[Mesa-dev] [PATCH 0/3] Hash-table and hash-set, V4

Thomas Helland thomashelland90 at gmail.com
Thu Apr 16 16:00:12 PDT 2015


2015-04-16 21:16 GMT+02:00 Eric Anholt <eric at anholt.net>:
> Eric Anholt <eric at anholt.net> writes:
>
>> Jason Ekstrand <jason at jlekstrand.net> writes:
>>
>>> On Sat, Apr 11, 2015 at 4:25 PM, Thomas Helland
>>> <thomashelland90 at gmail.com> wrote:
>>>> The performance numbers (shader-db runtime) are:
>>>>
>>>> Difference at 95.0% confidence
>>>>       -14.7608 +/- 3.36786
>>>>      -9.05064% +/- 2.06501%
>>>> (Original runtime was 160 seconds)
>>>
>>> Good Work!
>>>
>>> I had one comment on the hash set patch.  With that fixed, the series is
>>>
>>> Reviewed-by: Jason Ekstrand <jason.ekstrand at intel.com>
>>>
>>> Probably want to give Eric a a couple of days to look at it too.
>>
>> Yeah, I'm splitting the series up into each individual change (resizing
>> cutoff, linear probing, power-of-two, then quadratic probing) so that we
>> can make sure that they're all good for both the compiler and GL object
>> lookup.
>
> OK, I've got a split out series on hash-quadratic of my tree.  Here's be
> bad news from the last commit:
>
>     However, over the course of this series, INTEL_NO_HW=1 minecraft is still
>     down by -0.615582% +/- 0.514508% (n=55).  If we drop 2 low outliers each
>     from before/after of that dataset, the image is more clear: -0.538901% +/-
>     0.381768% (n=53).
>
> It looks like the collision reprobe changes are hurting too much.  The
> fact that collision is that big of a deal is bad -- I thought we should
> be having basically no collision in Mesa's GL hash tables, but I guess a
> lot of objects have been deleted before new ones are genned (and this
> probably also means that our benchmarking, which tends to execute a
> timedemo once instead of doing level loads multiple times, is
> underestimating the problems we have in our GL name hash tables).  This
> probably means we should be looking into making GL gen its handles from
> the lowest unused number when possible, and using an array for most of
> the hash table.  Until we do, I don't think we want to change our hash
> table to improve compiler performance at the expense of runtime
> performance.

Well, that's rather unfortunate.
Thanks for giving this a thorough review.
Decreasing the load factor of the table should decrease
lookup cost, and while that did not do much for the run-time
of shader-db, it might improve your test case.

Robin-Hood hashing is also a possibility.
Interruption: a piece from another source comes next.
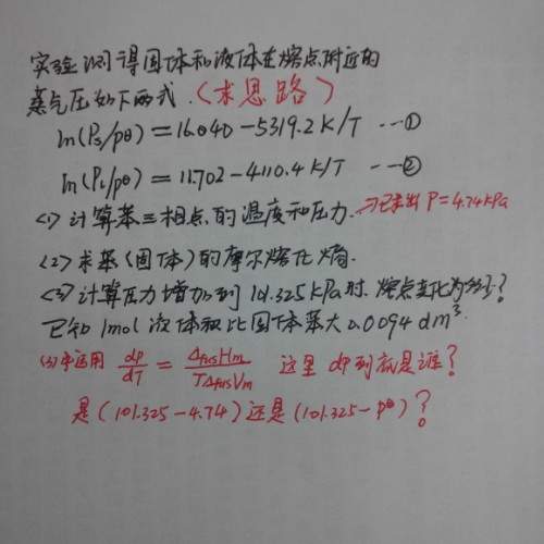三氯甲烷的正常沸点为334.7K,298.15K时表面张力为0.02667N.m-1,密度1480Kg.m-3。(1)估算三滤甲烷的摩尔蒸发焓 (2)求298.15K时三氯甲烷的蒸汽压 (3)将三氯甲烷分散成半径为1✘10-8m的小液滴,求液滴上的平衡蒸汽压 [ 发自手机版 http://muchong.com/3g ] |

It apparently works
well for hash tables with a load factor up to 0.9.
The average reprobe length is then approximately 6 reprobes.
Reducing the load factor should lower it even more.
Robin-Hood because you "steal" from the entries with a
short reprobe length and "give" to those with a long one
by swapping entries when inserting in the table.
I've only seen it used with linear probing, but I don't see why it
couldn't be done with a quadratic probing implementation.
It's a bit more complicated, as one also needs to handle
deletion smarter by  "back-shifting", or else performance
will degrade as a lot deletes are performed.
However, lookup-speed is very good since clusters of entries
will be sorted by hash, and therefore we can exit early when
doing a lookup if the hash we are searching for is less than
the hash we are now checking against.
If there's interest I can take a shot at that too.